● **Information supplied**:

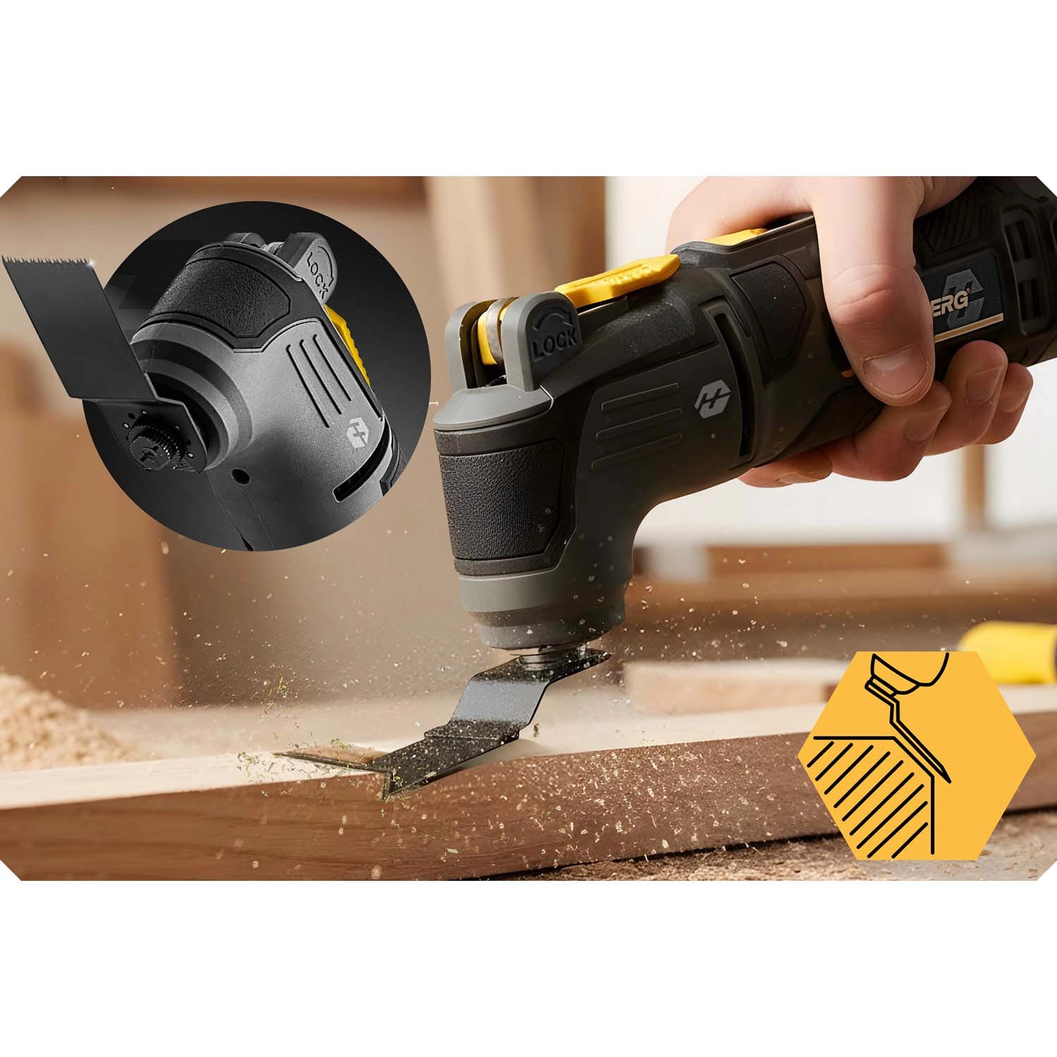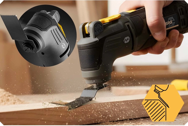 Szybkozaciskowy (bezkluczowy) system umożliwia wymianę akcesoriów w kilka sekund – więcej pracy, mniej przestojów. Kąt oscylacji 3° pomaga w precyzyjnym cięciu i delikatnym zbieraniu materiału także w trudno dostępnych miejscach, przy krawędziach i w narożnikach. Antypoślizgowy, ergonomiczny uchwyt zwiększa kontrolę nad narzędziem i ogranicza zmęczenie podczas dłuższego użytkowania.
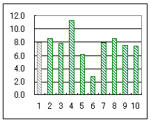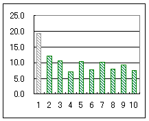 グラフ2は横軸が問題番号,縦軸は直前の操作以降その問題の採点までの経過時間(秒)を表わす.ただし,第1問は初めからの時間.
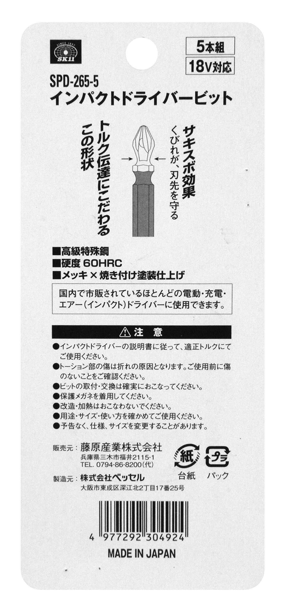 SK11(エスケー11) SPIDER 六角軸 ドライバービット 日本製 SPD-265-5 +2x65mm 18V対応 マグネット付 5個入

● **Exercise requirements**: Take the material above and set it down exactly, minus the images.

● **Problem solution**:
 Szybkozaciskowy (bezkluczowy) system umożliwia wymianę akcesoriów w kilka sekund – więcej pracy, mniej przestojów. Kąt oscylacji 3° pomaga w precyzyjnym cięciu i delikatnym zbieraniu materiału także w trudno dostępnych miejscach, przy krawędziach i w narożnikach. Antypoślizgowy, ergonomiczny uchwyt zwiększa kontrolę nad narzędziem i ogranicza zmęczenie podczas dłuższego użytkowania.
 グラフ2は横軸が問題番号,縦軸は直前の操作以降その問題の採点までの経過時間(秒)を表わす.ただし,第1問は初めからの時間.
 SK11(エスケー11) SPIDER 六角軸 ドライバービット 日本製 SPD-265-5 +2x65mm 18V対応 マグネット付 5個入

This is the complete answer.